What I like best about the movie is that there are really no "nice" characters in it. There really is no one Nina (Played incredibly by Natalie Portman) can turn to for support. Her mother (played by Barbara Hershey) is by no means a loving mother and her "friend" Lilly (the lovely and fierce Mila Kunis) is either out to get her or Nina is just way too paranoid about that.

The fact that Nina has to dance as BOTH the Black Swan and the White Swan is an important theme in this movie. It gets at the point you make at the beginning of this post. There is certainly a darkness lurking in humanity which this movie addresses. Now, plenty of stories address that so it's nothing new exactly. But, newness isn't everything.

The Black Swan character obviously is that "darkness" and in the story of Swan Lake (which I don't know, but pieced together from watching this movie) the Black Swan fucks up the White Swan's life, driving the White Swan to kill herself when all is lost.

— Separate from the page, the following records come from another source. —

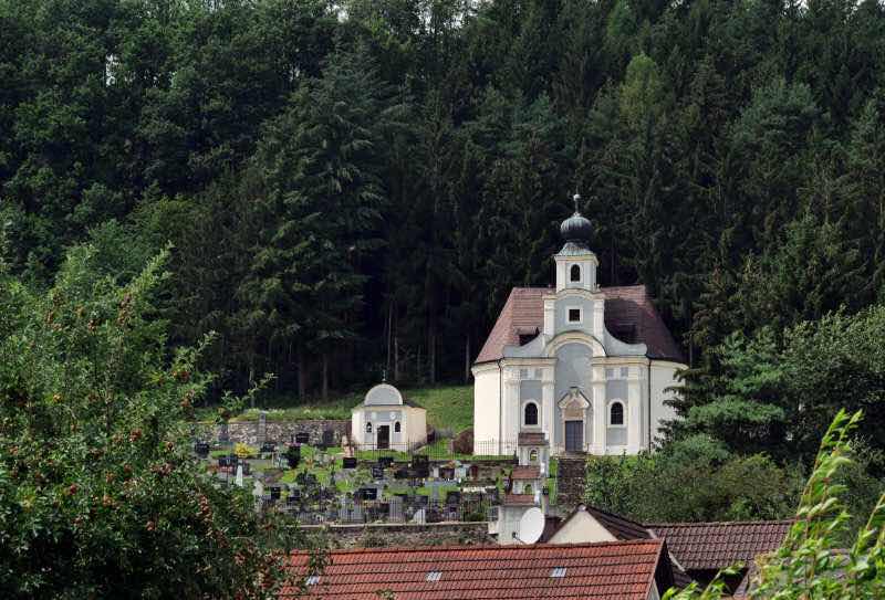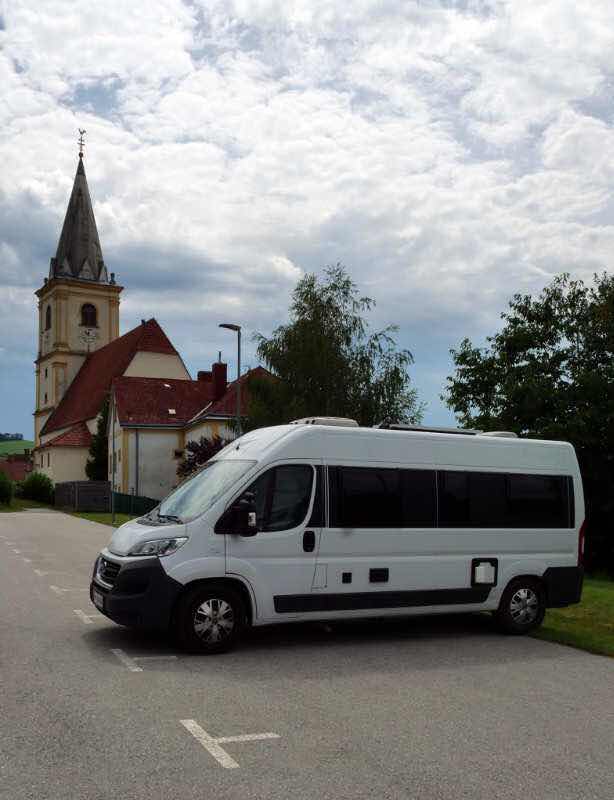 Es ist inzwischen 15 Uhr. Der Regen lässt weiterhin auf sich warten, was uns durchaus recht ist. Wir beschließen, noch eine Wehrkirche aufzusuchen (nämlich die in Lichtenegg) und dann einen Übernachtungsplatz in Grimmenstein anzusteuern, den wir in Park4Night gefunden haben. Unter dem Namen „Lichtenegg“ bietet das Navi mehrere Ziele zur Auswahl. Wir tippen auf das erste, das zwar in der richtigen Richtung liegt, aber kirchenlos ist. Mit Hilfe der genauen Adresse, die wir im Internet finden, gelangen wir aber doch noch zur Wehrkirche.
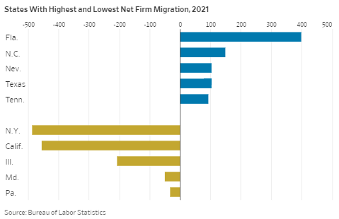 - Migration. After the 2020 census, Texas gained two congressional seats, and Florida and North Carolina each gained one. Also, California, Illinois, and New York each lost one seat. This corresponds to the significant business and personal migration which took place in 2021 because of unnecessary Covid lockdowns as well as much higher tax rates in the out-migration states (see chart below). In other words, more attractive state policies on social and tax issues will draw people from the more oppressive states.
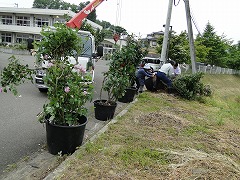 先日まで、埼玉県所沢市にある西部プリンスドームで開催されていました、国内最大規模の祭典「第18回国際バラとガーデニングショウ」で展示されておりました約100万輪のバラの一部を、校長先生のお知り合いを通して、数十株いただきました。それを、職員駐車場入口や西校舎前の花壇、体育館脇の土手に植えていただきました。鉢植えのものからバラの木に成長した数十年物のバラまで、クレーンを使い、庭師の方々に一日かがりで植樹していただきました。
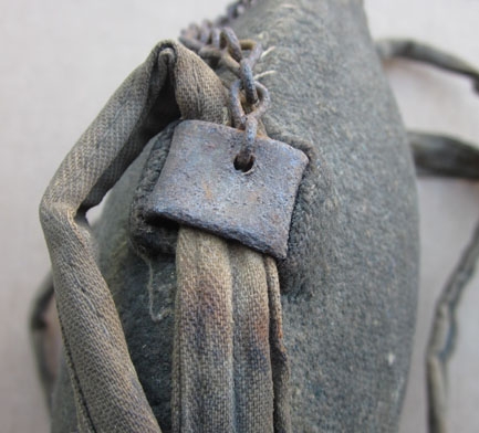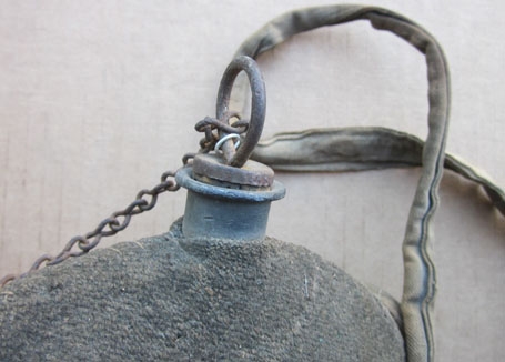 Item #68590 : Original period manufacture. Smooth faced body, issue canteen as used in the American Civil War. Complete with it's original cloth shoulder strap, cork stopper and attaching chain. The wool covering is a dark brownish gray, showing soiling and age. The body has some shallow dents but sound.
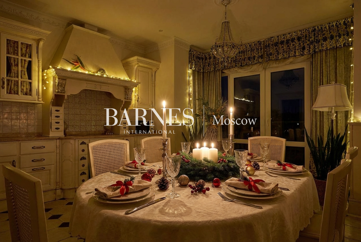 В квартире выполнена качественная отделка в стиле Прованс с использованием натуральных материалов. Планировочным решением предусмотрены: просторная гостиная, кухня, мастер-спальня с гардеробной и санузлом, вторая спальня, кабинет (или третья спальня), гардеробная, 2 санузла, постирочная, прихожая с гардеробной зоной.
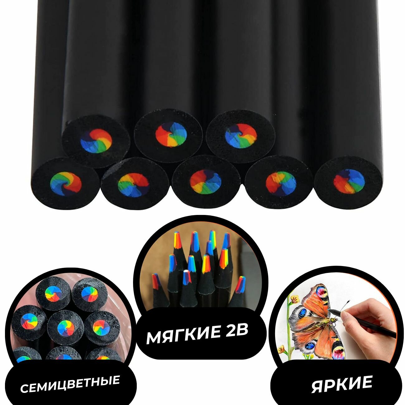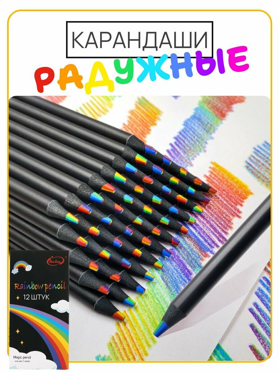 Набор семицветных радужных карандашей 12 штук интересное:
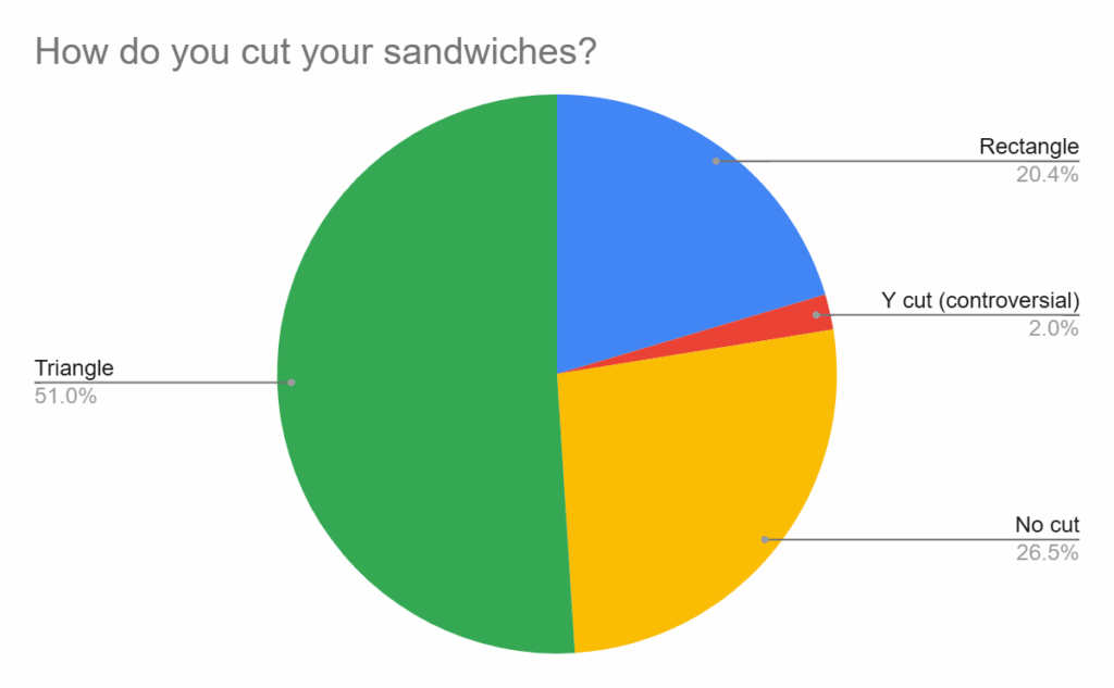 And the TRIANGLES have it! And is apparently backed up by maths…. Triangles or Rectangles: What’s the Best Way to Cut a Sandwich?
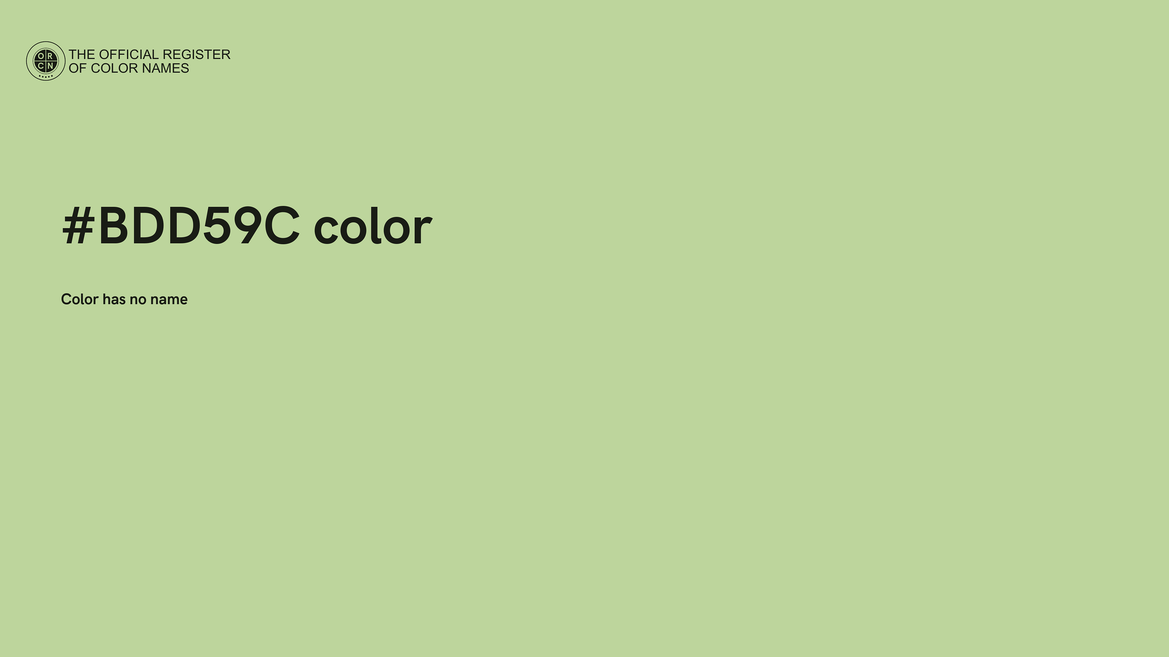 For printing in non digital world, #BDD59C is represented in CMYK as 9 Cyan, 0 Magenta, 22 Yellow, and 16 Black (Key) (C:9 M:0 Y:22 K:16).
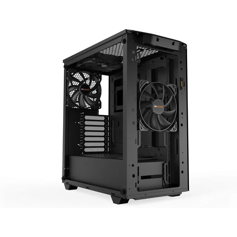 3 PURE WINGS 2 PREINSTALADOS: Funcionamiento silencioso. 3 ventiladores Pure Wings 2 preinstalados con aspas optimizadas para el flujo de aire que aseguran un flujo de aire y una refrigeración perfectos. A pesar del diseño compacto del chasis, los ventiladores en la parte frontal, superior y trasera son modelos de 140mm, lo que resulta en un funcionamiento muy silencioso. Se pueden instalar hasta dos ventiladores adicionales de 140mm.

Nina doesn't just play the White Swan, the good swan. She plays both dark and light. The Black Swan and the white swan are both Nina. Nina's hallucinations frequently result in her either being attacked by or attacking herself.

In the beginning of the film, the ballet's director (Vincent Cassel) says to Nina "I look at you and all I see is the White Swan." But, he forces her to be both. We all have a black swan in us. The super-competition and stress and anxiety and sexual intensity of being the star of this huge ballet as well as the director's influence on Nina brings out her Black Swan.

Lilly, the ballet director and Nina's mother are, in fact, NOT her enemies in this movie. While the film has the climate of paranoia of a spy thriller with the "they're all out to get me!" thing going on, really only Nina is out to get Nina. Her mind and her body are out to get her. Other people, while they seem dangerous, are not nearly as much of a problem for Nina as the Black Swan lurking inside her.

In the end, whether Nina actually died or not is unimportant. If she did not actually kill herself, it is still symbolic of the death of "Nina" and the birth of a new identity. At the end, when everyone crowds around Nina and congratulates her on how well she danced the role, that is because she has given EVERYTHING SHE HAS to the role. She has transformed. There is no more "Nina". Just the Black and White Swan. Nina is dead. Perhaps actually dead, perhaps it's just another hallucination.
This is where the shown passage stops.